Pare nulla ma le tazzine usate sono spesso non riciclabili e aumentano esponenzialmente la plastica in circolazione. Proponi al capufficio di sceglierle riciclabili oppure portati una tua tazzina e usa quella. 

  1. Doccia consapevole: installa un soffione a risparmio idrico 

Risparmia denaro ed energia con un soffione a risparmio idrico che utilizza il 40% in meno di acqua.  

  1. Di’ no a cannucce e sacchetti di plastica 

I soli sacchetti per la spesa contribuiscono in maniera non insignificante agli 8 milioni di tonnellate di plastica scaricate nell’oceano ogni anno. Anche le cannucce di plastica, che si trovano ogni giorno buttate sulle spiagge riempiono le nostre discariche, danneggiano la nostra fauna selvatica e possono impiegare un’intera vita prima di scomporsi. Ricordati sempre di dire “no borsa per favore” nei supermercati e altri negozi e “no cannucce per favore” nei bar e ristoranti. 

  1. Acquistiamo cibo italiano 

Non facciamoci tentare dallo snack internazionale di turno. Quando acquistiamo merci importate, contribuiamo a produrre la parte maggiore dell’inquinamento che causa il cambiamento climatico. Acquistare prodotti italiani o addirittura a chilometri zero fa bene all’ambiente, alla salute e ai produttori.  

  1.  Cammina, vai in bicicletta e usa i mezzi pubblici quando possibile 

Camminare e andare in bicicletta fa bene alla salute e alla salute dell’ambiente. Pensa se ti è possibile camminare o andare in bicicletta al lavoro: risparmi i costi della palestra e riduci le emissioni di carbonio parte della tua giornata. Se nessuna di queste opzioni è praticabile, usa i mezzi pubblici o informati sul carpooling nella tua zona 

  1. Scopri di più sull’illuminazione a risparmio energetico. 

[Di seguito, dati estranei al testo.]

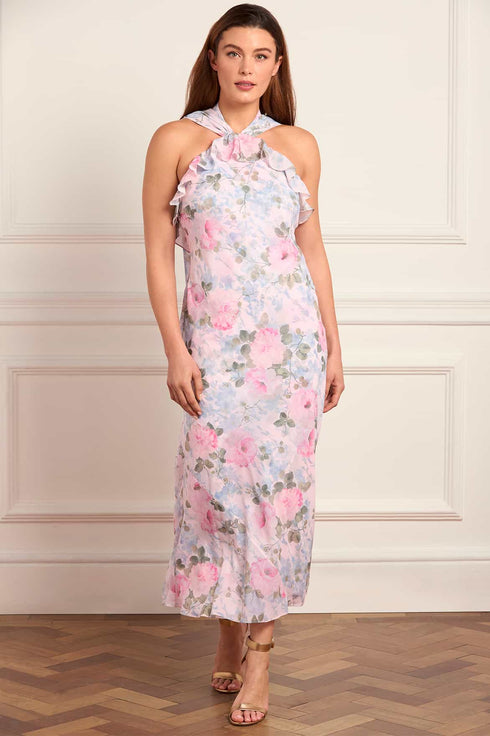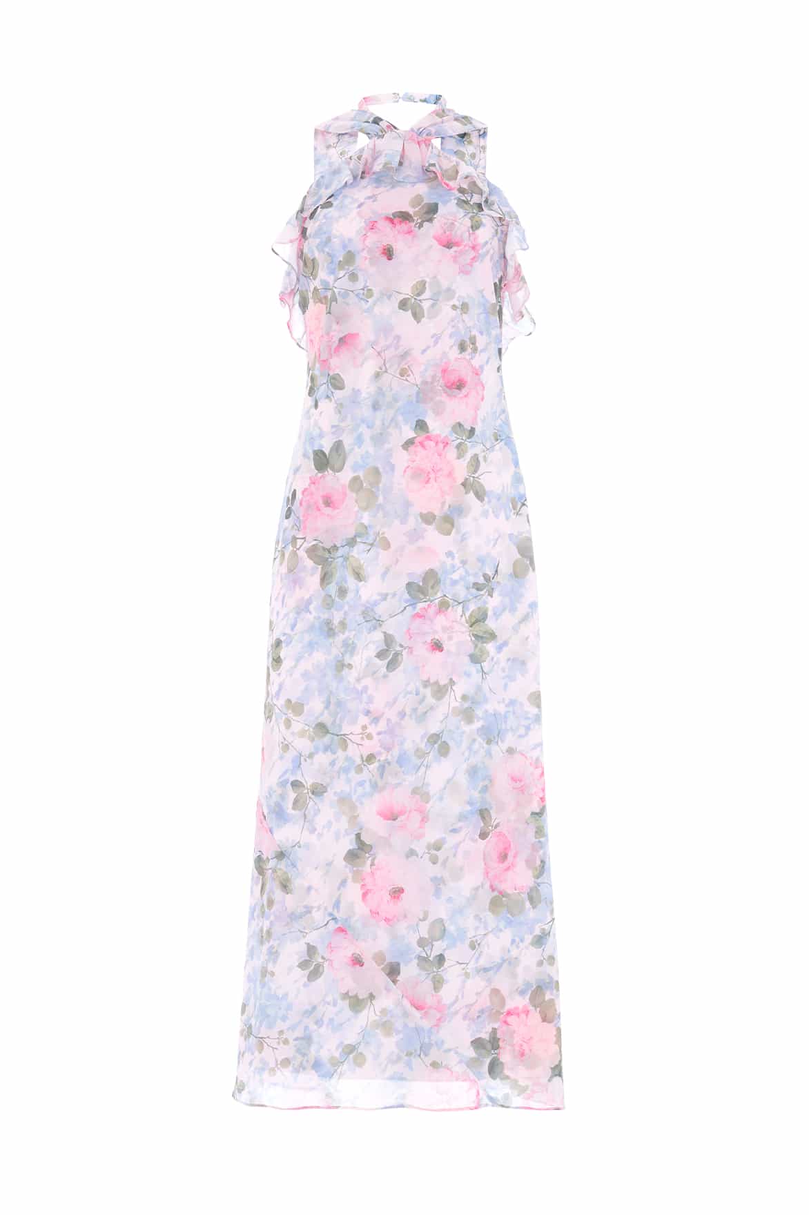 Camille's Garden Chiffon Halter-Neck Ankle Gown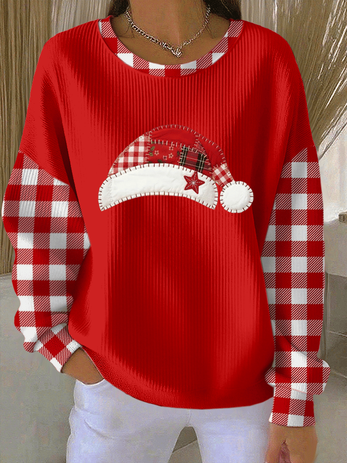 Women's Christmas Hat Print Knitted Crew Neck Long Sleeve Top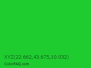 XYZ 22.662,43.675,10.032 Color is a normal green color and the nearest color is Lime Green #32cd32. Hex code #1ecc30 and RGB value is rgb(30,204,48). In RGB color space, this color is composed of 12% red, 80% green, 19% blue, In CMYK color space, this color is composed of 85% cyan, 0% magenta, 76% yellow , 20% black , In HSL color space, this color has a hue angle of 126° , 74% saturation and 46% lightness.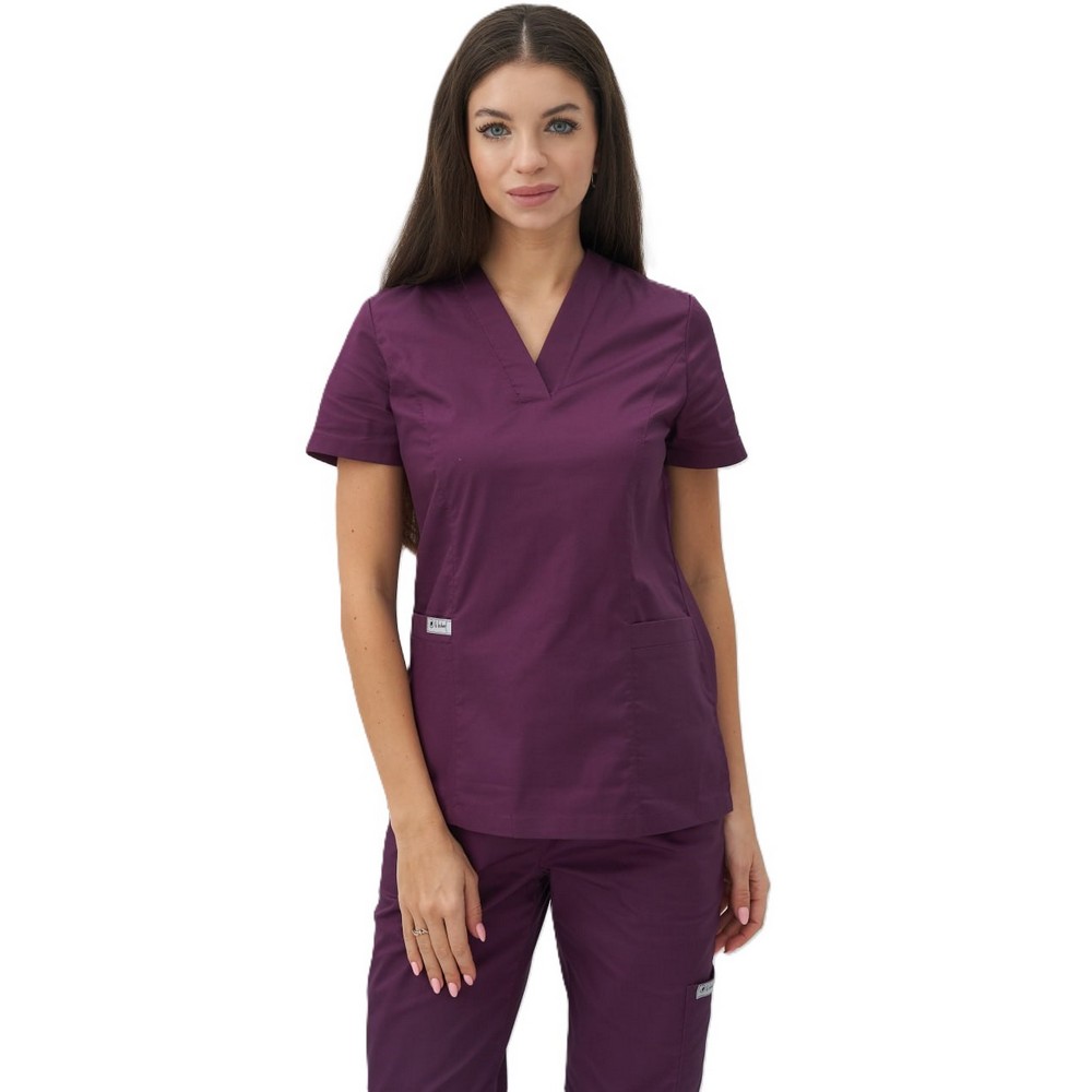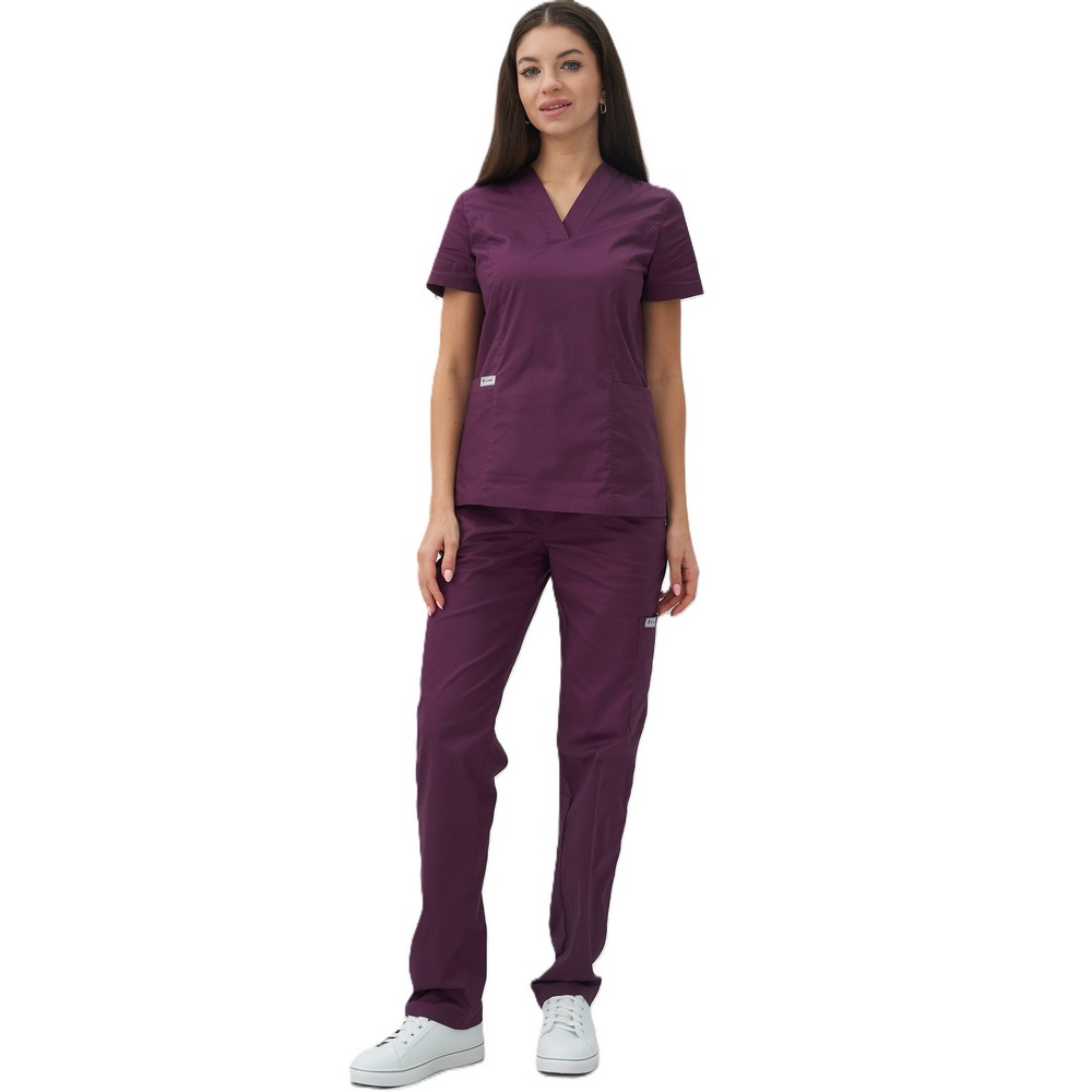 Костюм медицинский сливовый состоит из блузы, брюк. Блуза прямого покроя с V-образным вырезом горловины. Рукава короткие. Брюки прямого покроя на резинке.

I diodi a emissione di luce (LED) e le lampade fluorescenti compatte (CFL) ti costeranno molto meno  per funzionare rispetto alle lampade alogene e altre luci a incandescenza. Le lampade fluorescenti  compatte a risparmio energetico possono durare fino a dieci volte di più rispetto a quelle tradizionali. La luce di queste lampadine emette una luce brillante come le tue vecchie lampadine, risparmiando denaro. 

  1. Usa meno carta 

Riduci il disordine di carta in casa e salva alcuni alberi eliminando la carta. Quasi tutto, dalla bolletta del telefono all’estratto conto della carta di credito, può essere visualizzato online. Contatta le tue  banche, i fornitori di servizi pubblici e altri fornitori di servizi per eliminare la carta. E già che ci sei, passa alla carta igienica riciclata.